Ce temps trépidant de la consommation moderne s’oppose au temps long, désormais révolu, qui présidait à nos engagements, projets et investissements à long terme, amours durables, fidélités…, donc aussi solidarités. Ces valeurs d’un autre âge, appelé « productiviste », sont largement supplantées à l’ère du « consumérisme ». La révolution consumériste étend partout la sphère marchande, et radicalise son modèle. Celui-ci prescrit à chacun les objets qui le qualifieront comme sujet – « libre sur un marché libre », et il porte sur chaque objet sa date de péremption. Le temps devient pointilliste, accordé à un désir toujours jeune, primesautier. Le consommateur moderne a délaissé la jouissance paisible, voire ostentatoire (Veblen) des signes extérieurs de richesse ; la vraie richesse est faite d’une succession accélérée d’instants vécus comme autant de fresh starts ou de petits big bangs – à l’ouverture des paquets. La mode, les nouveaux médias de communication, le flot toujours renouvelé des news ou sur nos écrans, la cascade des SMS et des mails sont promesse d’allure, de sensations, de joie. L’urgence et les bonds de la vie jugulent l’angoisse : ne dit-on pas de l’homme ou la femme toujours pressés qu’ils ont une vie bien remplie ? Et les nouvelles socialités peuvent épouser la course des corps en remodelage perpétuel : il est aussi facile de récolter sur Internet un immense réseau d’amis que de s’en débarrasser, d’un clic. Relations à la carte, just in time et jetables sans drame. Sans drag, précise Bauman en citant la qualité la plus appréciée des employés des entreprises de Silicon Valley : demeurer sans attaches ni « coefficients de frottement ».
Pourtant, un consommateur satisfait serait un oxymore dans les termes, puisqu’il ferait gravement obstacle à ce nouveau régime de la substitution impérative. Ne pas savoir jeter (remettre sa vieille robe !) bloquerait le cycle « acheter-jouir-dégager ». Impardonnable marque d’indolence, d’incompétence consumériste. C’est sur ce point que surgit la tromperie constitutive du nouveau monde marchand, et sa contradiction mortelle : « Aime-moi, achète-moi ! » nous crie chaque marchandise, alors qu’elle est précisément programmée pour nous lasser, nous déplaire (« Je t’ai bien eu », murmure l’objet à peine dépouillé de ses enveloppes rutilantes). Ce qu’au fond chaque acheteur intimement sait, aussi bien que Dom Juan faisant la cour à Charlotte.

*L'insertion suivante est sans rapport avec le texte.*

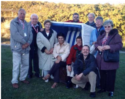
LKK kun eksterlandaj gastoj
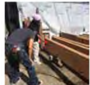
エイジングの前に説明を受けています。

W様邸では、秋晴れの気持ちの良い日に梁のエイジング作業を行いました(^^) まずはお父さん、そしてお母さん、お姉ちゃん、小さなお兄ちゃんと、皆さんとも器用に工具を操ってちょっとした職人レベルでした☆動かすのも一苦労のとても大きくて重い梁。ちくちく刺さった木くず。工具に負けないようしっかりと握りしめた手の感触。リビングの天井を見るとこの日の思い出がしっかりとよみがえって来ると思います(^-)-☆W様ご家族お疲れ様でした。
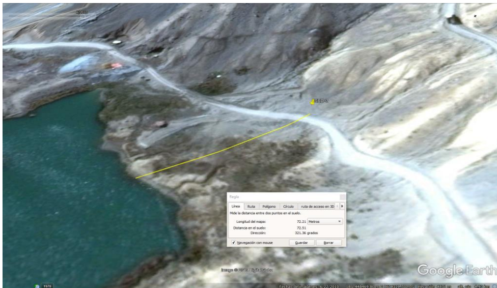
Imagen N° 1
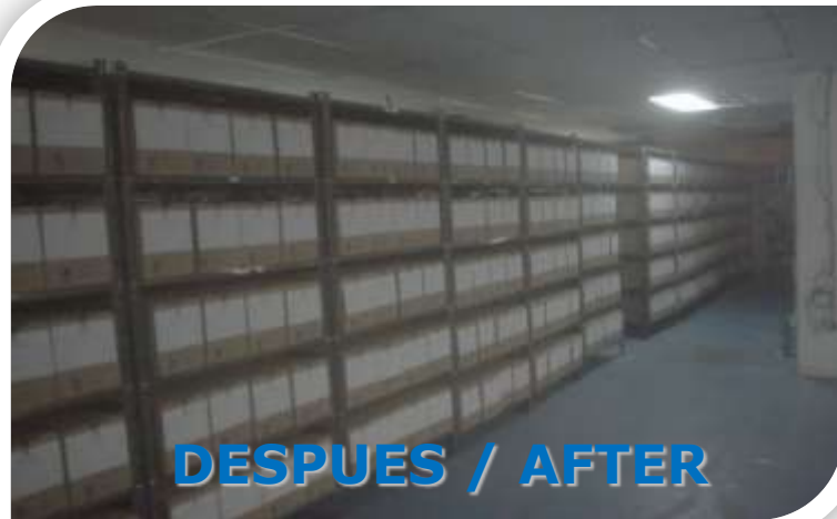
DESPUES / AFTER
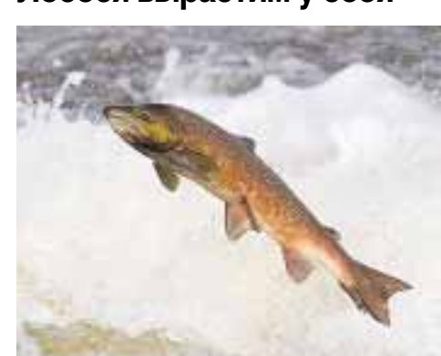
Проект аквакультурного кластера обещают запустить в ближайшее время.
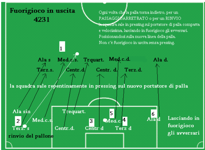
Illustrazione: fuorigioco in uscita

Il fuorigioco può essere “Statico”: Cioè si lasciano andare in fuorigioco da soli gli avversari che attaccano lo spazio prima del passaggio della palla. Oppure “in uscita”: Cioè ogni volta che il pallone “torna indietro”, per un passaggio arretrato o un rinvio della nostra squadra, la squadra sale portando il pressing sul portatore di palla avversario. E la nuova linea difensiva si pone sulla linea nella quale si trova il pallone.
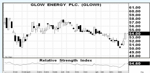
กราฟแนวโน้มราคาหุ้น GLOW
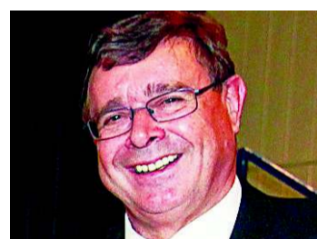
Ausweg: Geld drucken

Masslos überschuldete EU-Staaten und die USA haben unseren stolzen Franken zu stark gemacht. Die Eurokäufe der SNB 2010 von 191 Milliarden Franken bei einem Kurs von Fr. 1.45 waren überstürzt und wirkungslos. Heute ist der hoch überbewertete Franken ein Grossrisiko für Industrie und Gewerbe, aber auch für die Löhne und Pensionskassen. Die SNB ist gefordert. Da ihr bald die Eigenmittel fehlen, ist milliardenweises Geld drucken wahrscheinlich der einzige Ausweg.
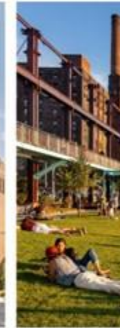
DOMINO PARK NEW YORK CITY, USA
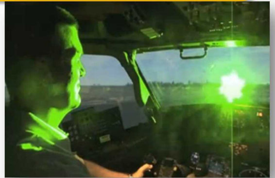
■レーザー光線による操縦士への影響(イメージ)

神奈川県内、東京都内及び沖縄県内で飛行中の航空機に対してレーザー光線を照射するという事案が多発しています。
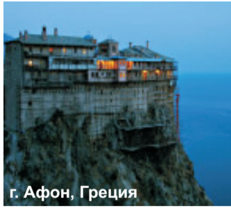
г. Афон, Греция

1000-летие с возникновения монастыря на Афоне. Это знаменательное событие должно объединить всех православных верующих. Примечательно, что все подготовительные работы взвалили на себя православная церковь. Эта страница в истории соединила навек две страны: Грецию и Россию. Поэтому будущий год также станет перекрестным годом этих двух стран.
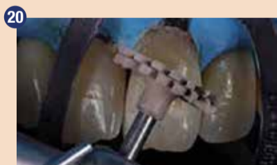
20 Pomembno je, da restavracije finiřiramo in spoliřamo – posebej tiste zraven dlesni – da dosežemo gladko površino, ključno za ohranjanje zdravih parodontalnih tkiv.
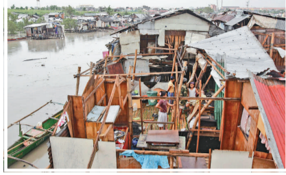
▲「康森」致使菲律賓首都馬尼拉南部大面積水浸 ▲馬尼拉南部居民在風暴結束後修補他們的棚屋

Mise en scène Milena Vlach
Le consumérisme est un donjuanisme (et Dom Juan le héros au fond mélancolique de ce marché qui nous fait ironiquement passer, de plus en plus vite et sur les mêmes objets, du point d’hypnose au déchet). La marchandise (le marché ?) est une promesse qui ne peut pas être tenue. Notre scintillante championne de shopping n’a pas fini de traîner ses paquets.